A governação é uma das principais análises que Da Empoli tenta deixar esclarecida, começando o livro por um tempo muito anterior ao presente, o do desembarque de Hernán Cortés nas proximidades da capital do império asteca. Dá o exemplo de Montezuma 2º que convocou com urgência os seus conselheiros e fez o que “os políticos, de todos os tempos, fazem nesse gênero de situações: decidiu não decidir”.

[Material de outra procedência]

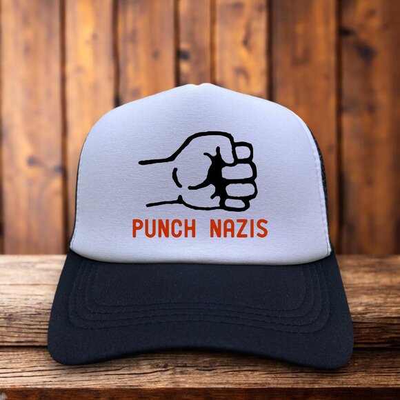 Punch Nazis Mens Trucker Hat Black Snapback Anti Facist Anarchy Baseball Cap
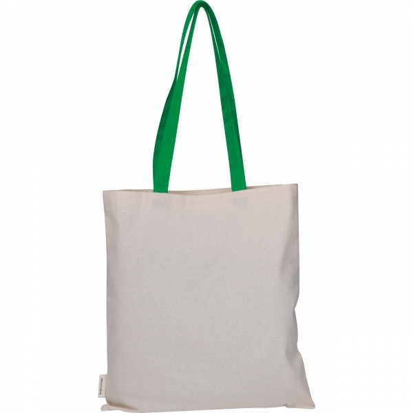 Puuvillakassi, jossa on kaksi pitkää kahvaa. Valmistettu 75 % kierrätetystä puuvillasta ja 25 % kierrätetystä PET-muovista. Kankaan paino: 140 g/m². Logosi on painettu kassin toiselle puolelle.
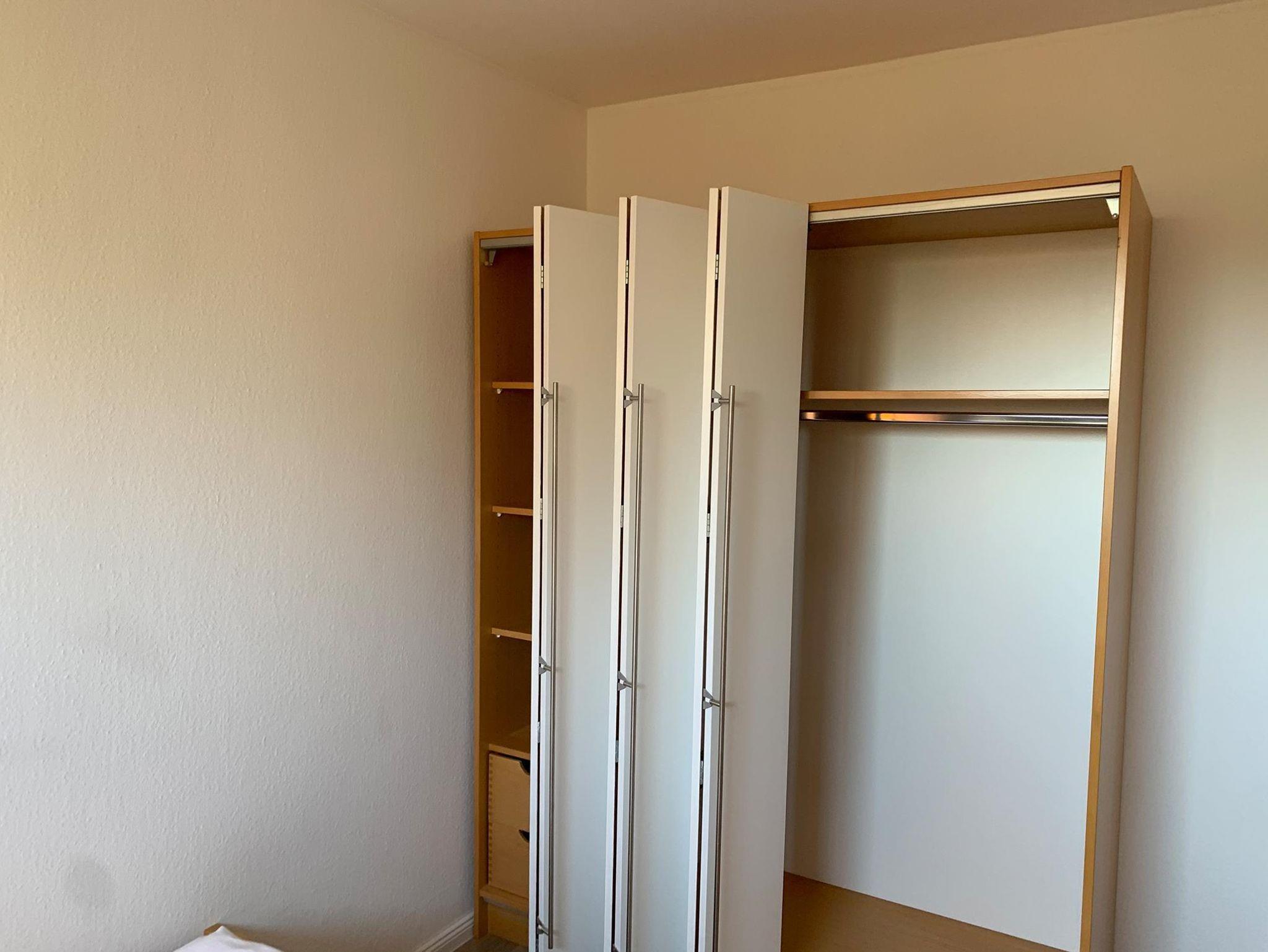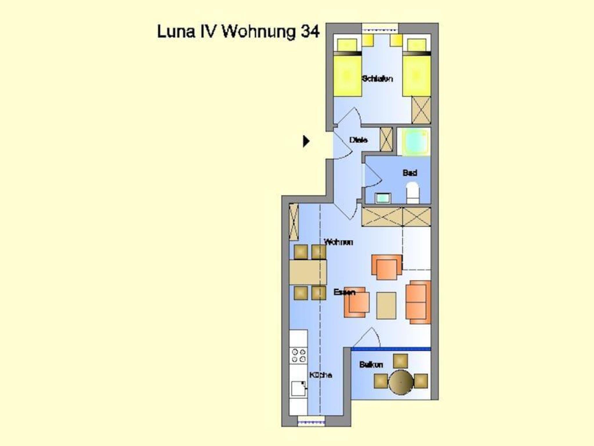 Sie teilt sich wie folgt auf: Eingangsdiele mit Garderobe, Schlafzimmer mit Einzelbetten (90x200cm), Duschbad mit WC. Der großzügige Wohnraum mit direktem Zugang zur Loggia überzeugt mit seiner gemütlichen Sitzecke, der modernen weißen Küche, der Essecke und als weitere Schlafmöglichkeit 1 Schrankbett.

Conclui que essa é uma atitude que se repete nas últimas três décadas nas democracias ocidentais, sendo que os governantes se comportaram perante os “conquistadores” da tecnologia como os astecas do século 16, submetendo-se e esperando por benefícios que nunca virão. Trump não é esquecido pelo autor:
“Hoje, as nossas democracias ainda parecem sólidas, mas ninguém pode duvidar de que o mais difícil ainda está para vir. O novo presidente americano ou a encabeçar um cortejo de autocratas descomplexados, de conquistadores da tecnologia, de reacionários e de teóricos da conspiração impacientes por chegarem a vias de facto. Abre‑se diante de nós uma era de violência sem limites.”
Não será por acaso que Da Empoli registra o número do aumento de despesas de armamento dos últimos cinco anos: 34% em todo o mundo.